The function that creates secondary command buffer: https://pastebin.com/vN2WjA1W
I zipped vktrace file and put on dropbox because it is too big (40MB): https://www.dropbox.com/s/ko5cqlrb5baj2wy/trace.7z?dl=0
I recompiled mesa with --enable-debug and now I get assert failed which is more useful.
0 in raise of /usr/lib/libc.so.6
1 in abort of /usr/lib/libc.so.6
2 in __assert_fail_base of /usr/lib/libc.so.6
3 in __assert_fail of /usr/lib/libc.so.6
4 in anv_block_pool_expand_range of vulkan/anv_allocator.c:327
5 in anv_block_pool_grow of vulkan/anv_allocator.c:521
6 in anv_block_pool_alloc_new of vulkan/anv_allocator.c:564
7 in anv_block_pool_alloc of vulkan/anv_allocator.c:582
8 in anv_fixed_size_state_pool_alloc_new of vulkan/anv_allocator.c:655
9 in anv_state_pool_alloc_no_vg of vulkan/anv_allocator.c:772
10 in anv_state_stream_alloc of vulkan/anv_allocator.c:909
11 in anv_cmd_buffer_alloc_dynamic_state of vulkan/anv_batch_chain.c:654
12 in anv_cmd_buffer_push_constants of vulkan/anv_cmd_buffer.c:729
13 in cmd_buffer_flush_push_constants of vulkan/genX_cmd_buffer.c:2420
14 in gen9_cmd_buffer_flush_state of vulkan/genX_cmd_buffer.c:2571
15 in gen9_CmdDrawIndexed of vulkan/genX_cmd_buffer.c:2709
This assert fails:
assert(size - center_bo_offset <=
BLOCK_POOL_MEMFD_SIZE - BLOCK_POOL_MEMFD_CENTER);
Because size=1073741824 is more than 1GB and block pools are restricted by 1GB:
/* Block pools are backed by a fixed-size 1GB memfd */
#define BLOCK_POOL_MEMFD_SIZE (1ul << 30)
Still don't know how to fix it. Is it valid behavior? Why it's not handled by validation layers? Should I use a new command pool for next portion of objects?
So the root cause is the anv_allocator. Command buffer takes up a lot of maped memory: 2320+4096+16384 bytes for anv_cmd_buffer and surface state, dynamic state. Then allocator rounds this to be power of 2 - 32KB. So one command buffer takes up 32KB. And maximum amount of maped memory per device is 1GB. It's enough for ~32000 command buffers.
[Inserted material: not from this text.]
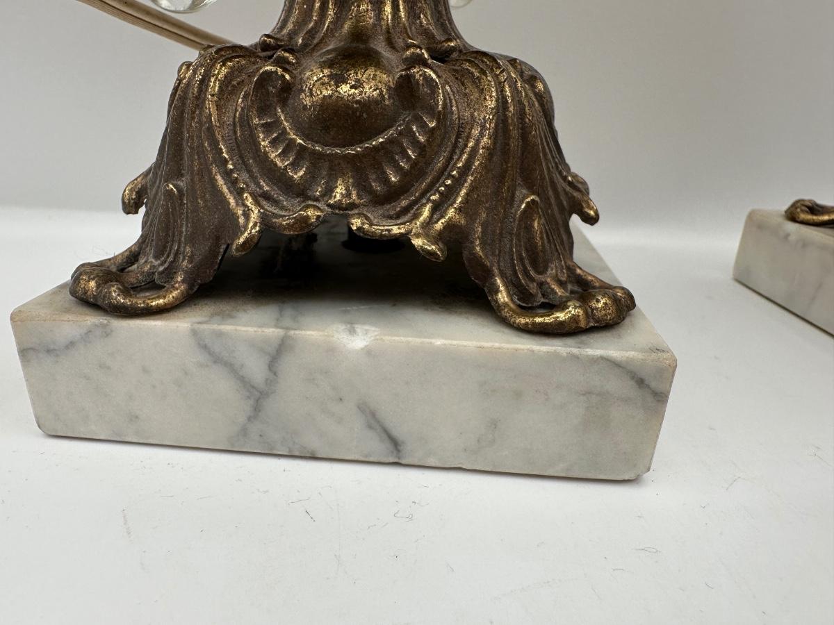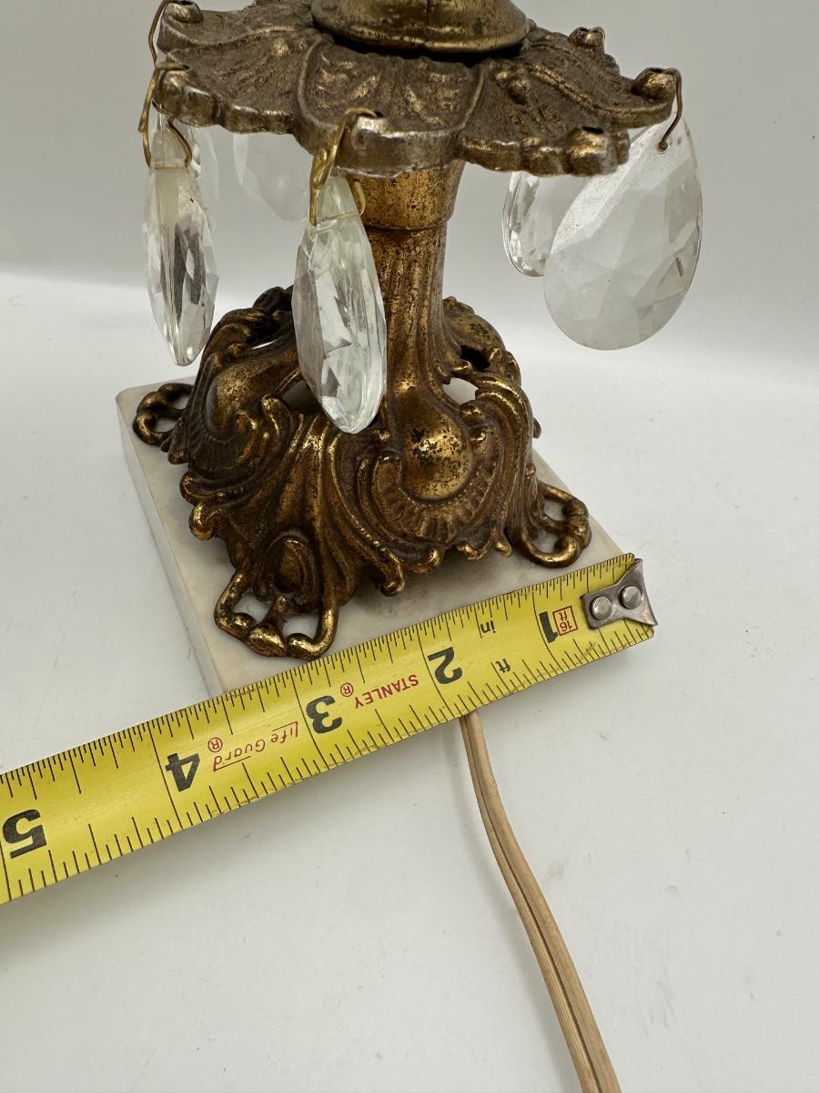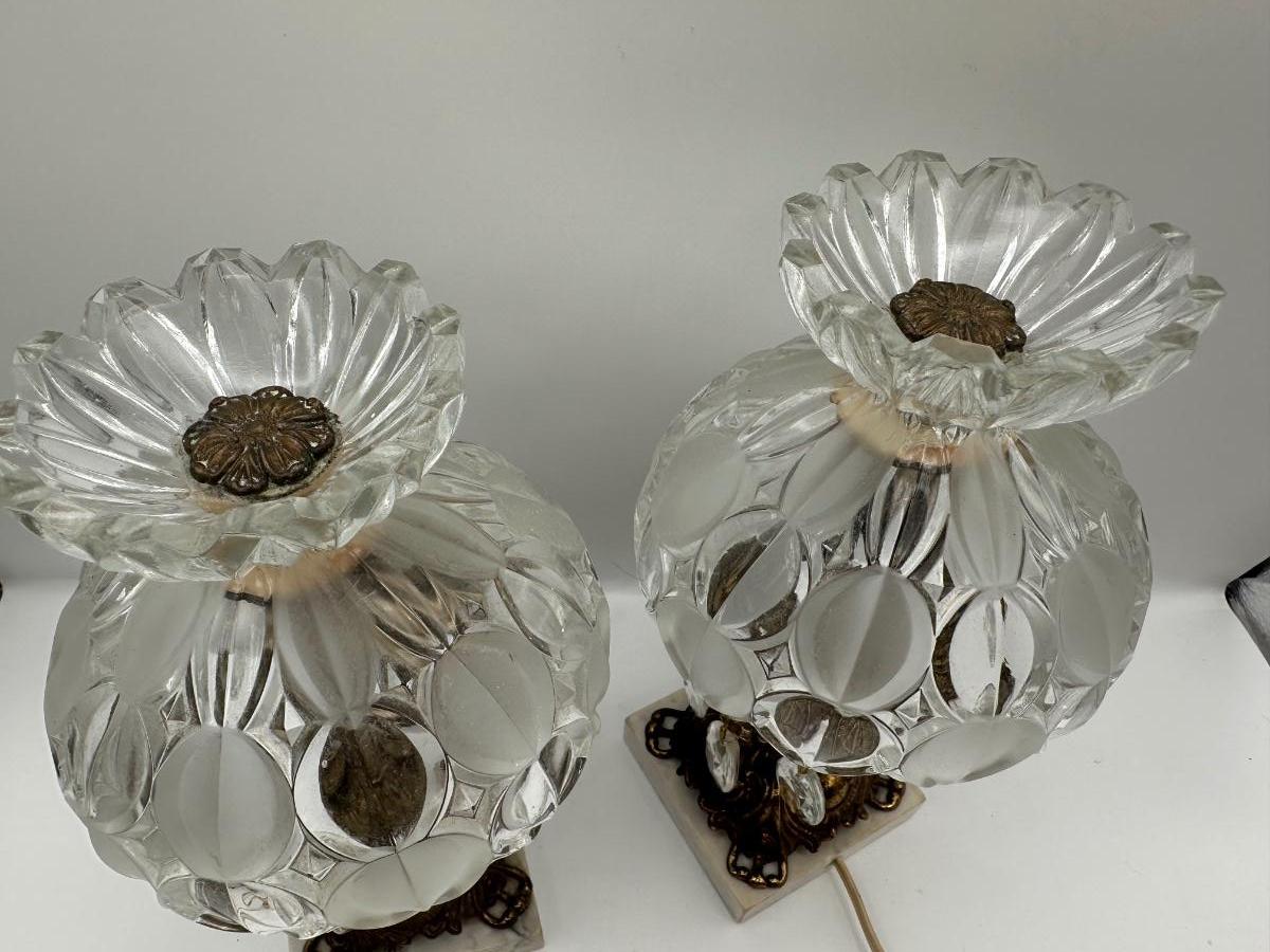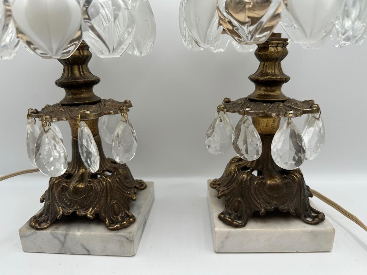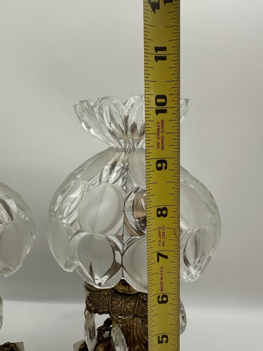 Each features a cut glass dome shade and hanging crystal prisms. Original cords and plugs, untested, rewiring recommended.

After that mmap fails.
So default allocator was designed for small number of command buffers.
Workaround is to use one command buffer per frame (or per thread). Just record everything inside primary command buffer. It is worse for performance but it is better for mmap and it solved the problem.
(In reply to Vyacheslav from comment #4)
> Workaround is to use one command buffer per frame (or per thread). Just
> record everything inside primary command buffer. It is worse for performance
> but it is better for mmap and it solved the problem.
If you are using enough secondary command buffers to blow past the 1GB limit, then you are probably going to get garbage performance anyway. We have to do a full GPU on every vkCmdExecuteCommands so, while performance is probably fine if secondary command buffers are used sparingly, over-use of them can cause significant perf problems.
I think there still is something of a driver bug here in that we really should be throwing VK_ERROR_OUT_OF_DEVICE_MEMORY instead of asserting or getting you int a situation where you can get SIGBUS.